The five fallacy categories
- Fallacies that violate the structural criterion. The structural criterion requires that one who argues for or against a position should use an argument that meets the fundamental structural requirements of a well-formed argument, using premises that are compatible with one another, that do not contradict the conclusion, that do not assume the truth of the conclusion, and that are not involved in any faulty deductive inference. Fallacies such as begging the question, denying the antecedent, or undistributed middle violate this criterion.
- Fallacies that violate the relevance criterion. The relevance criterion requires that one who presents an argument for or against a position should attempt to set forth only reasons that are directly related to the merit of the position at issue. Fallacies such as appeal to tradition, appeal to force, or genetic fallacy fail to meet the argumentative demands of relevance.
- Fallacies that violate the acceptability criterion. The acceptability criterion requires that one who presents an argument for or against a position should attempt to use reasons that are likely to be accepted by a rationally mature person and that meet the standard criteria of acceptability. Fallacies such as equivocation, fallacy of division, and wishful thinking are unacceptable because they are based on linguistic confusion or involve unacceptable assumptions.
- Fallacies that violate the sufficiency criterion. The sufficiency criterion requires that one who presents an argument for or against a position should attempt to provide reasons that are sufficient in number, kind, and weight to support the acceptance of the conclusion. Fallacies such as argument from ignorance, special pleading, and the post hoc fallacy violate this criterion because they are arguments that are missing important evidence or make causal assumptions based on insufficient evidence.

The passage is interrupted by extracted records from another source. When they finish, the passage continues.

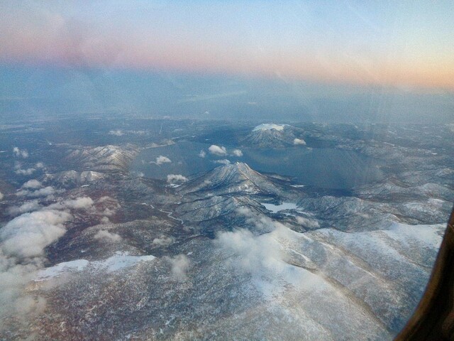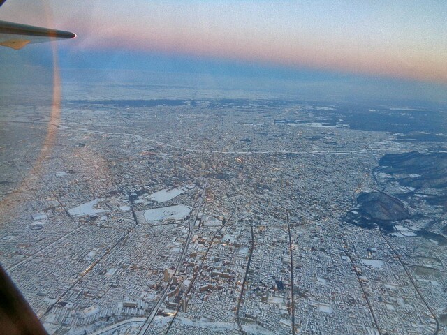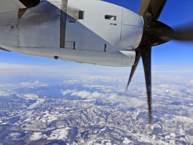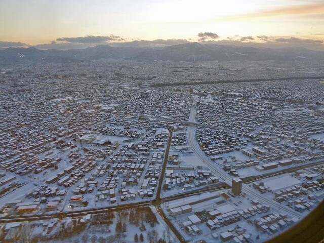 ⑫〜⑭ 復路(丘珠→新潟)便からの眺め:札幌市街地,支笏湖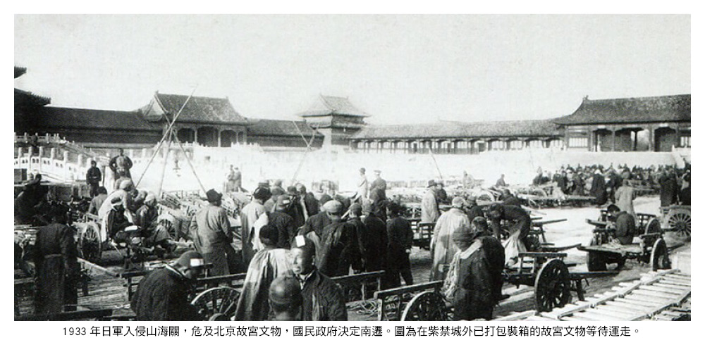 故宮文物有兩次大遷徙。第一次是1933-1947年,為避日軍戰火,先將1.3萬餘箱文物遷往上海,再遷南京,後分南、中、北三路輾轉遷至四川,翻越窮山惡水,住過山洞、避過蟲鼠,直至1947年遷回南京。據當時「南路」負責人,也是1948年押運故宮第一批文物來台的莊嚴之子莊靈說,當年為完好無誤地打包裝箱,特請琉璃廠古董商號專家傳授方法,每一件都包得非常嚴實。與事的老人也回憶:正因為繁複過度的包裝,讓這些中華文化瑰寶度過幾次劫難。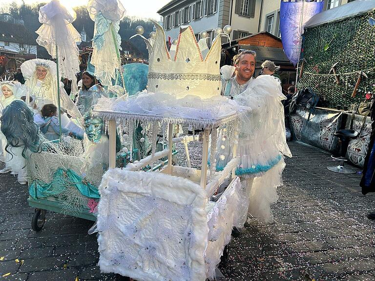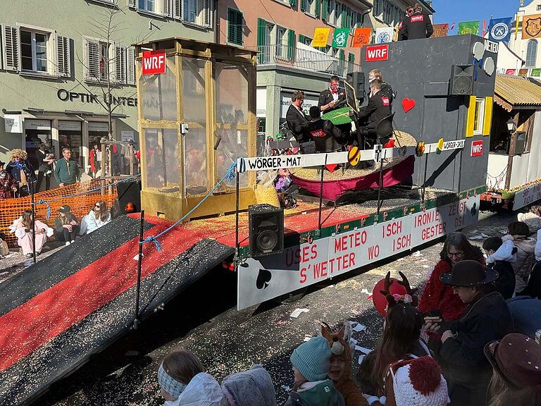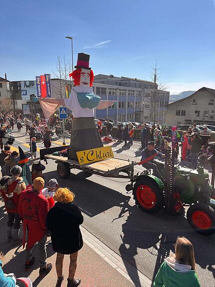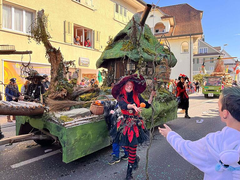 Der Umzug in Triengen läuft bei Traumwetter auf Hochtouren. Hier kommt der Wagen mit Zunftmeisterin Colline. Das Beste kommt ja bekanntlich zum Schluss...

- Fallacies that violate the rebuttal criterion. The rebuttal criterion requires that one who presents an argument for or against a position should attempt to provide an effective rebuttal to all serious challenges to the argument or the position it supports and to the strongest arguments for viable alternative positions. Fallacies such as red herring, straw man, and poisoning the well fail to meet this criterion because they attack the arguer rather than the argument or use argumentative devices that divert attention away from the issue at stake.